=== WHAT IS NEEDED ===
The range runs from the line containing "百度加固脱壳思路 – Classes.dex并未在加固时执行预处理,运行时" to the last line of the entries. Copy that range exactly, omitting pictures.

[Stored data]
⁂

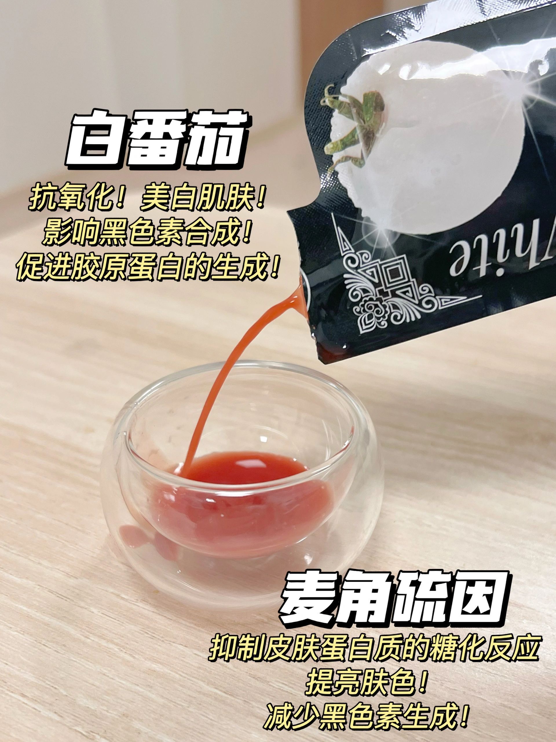 1袋=100mg专利麦角硫因➕200mg高浓度专利白番茄,不玩虚的!喝!
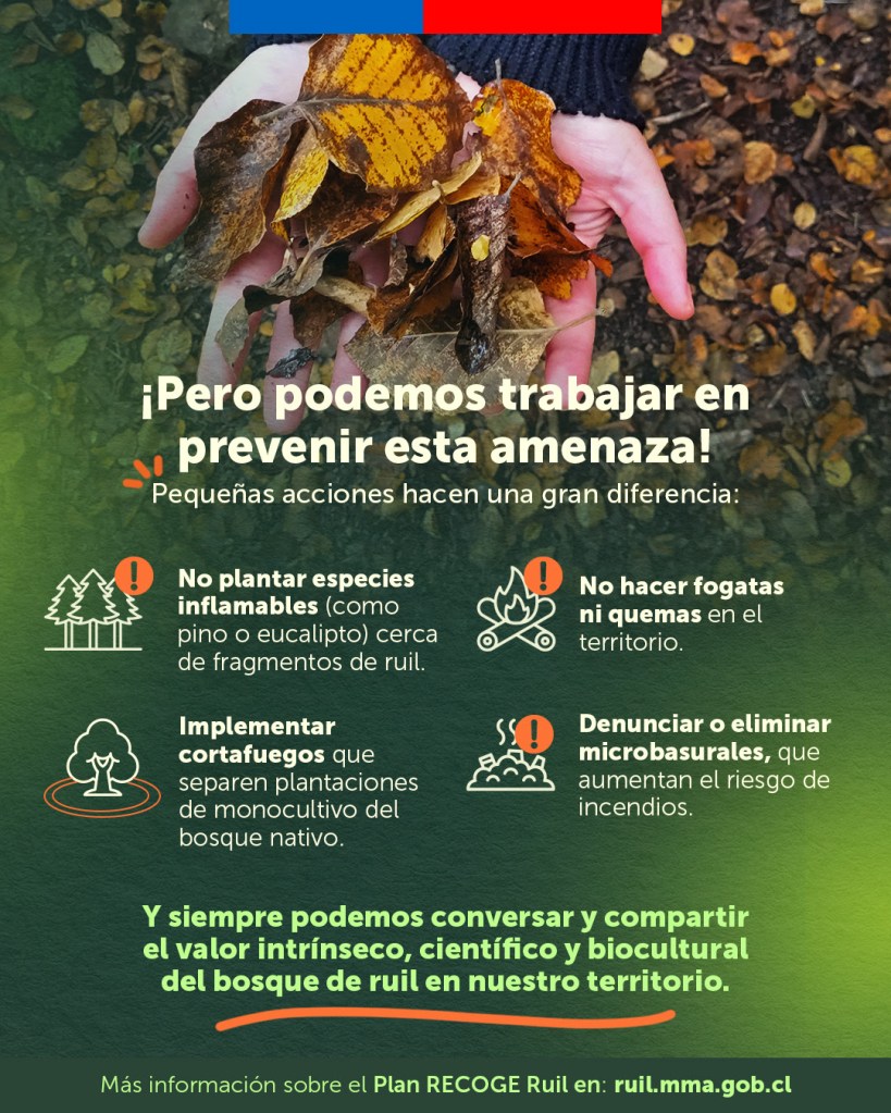 ha ocurrido una veintena de mega incendios forestales, coincidiendo con la mega sequía y con las temperaturas más altas en registros para la zona central del país. Las poblaciones de ruil se encuentran rodeadas de una matriz forestal, cuya densidad y cobertura son material de combustión con rápida propagación del fuego tanto a nivel de copa como bajo el dosel.
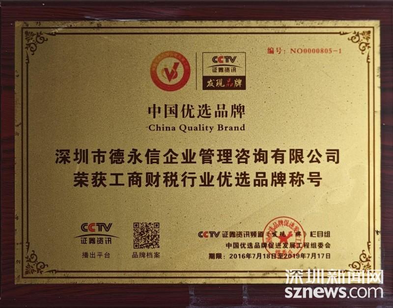 通过长周期多维度为客户提供合规服务,德永信连续多年获评“广东省守合同重信用企业”,荣膺央视“工商财税行业优选品牌”(CCTV证券资讯频道《发现品牌》栏目组),承载“品牌强国”使命担当,进一步巩固了德永信在行业排名中的领先地位。
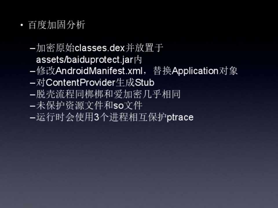 • 百度加固脱壳思路 – Classes.dex并未在加固时执行预处理,运行时 memory dump即可获得完整原始文件 – zjDroid或dextractor可直接脱壳 –也可直接分析/proc/[pid]/maps并dd /proc/[pid]/mem 导出odex文件
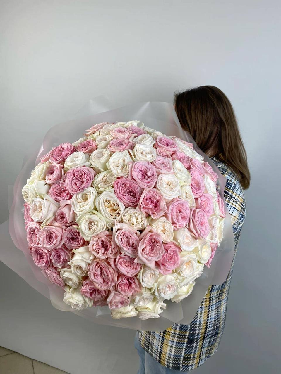 Сто один бутон сорта O'Hara собраны в пышную композицию с многослойными лепестками и густой текстурой. Это масштабное решение для значимых событий и ярких эмоций.

⁂

=== SOLVED PROBLEM ===
 • 百度加固脱壳思路 – Classes.dex并未在加固时执行预处理,运行时 memory dump即可获得完整原始文件 – zjDroid或dextractor可直接脱壳 –也可直接分析/proc/[pid]/maps并dd /proc/[pid]/mem 导出odex文件
 Сто один бутон сорта O'Hara собраны в пышную композицию с многослойными лепестками и густой текстурой. Это масштабное решение для значимых событий и ярких эмоций.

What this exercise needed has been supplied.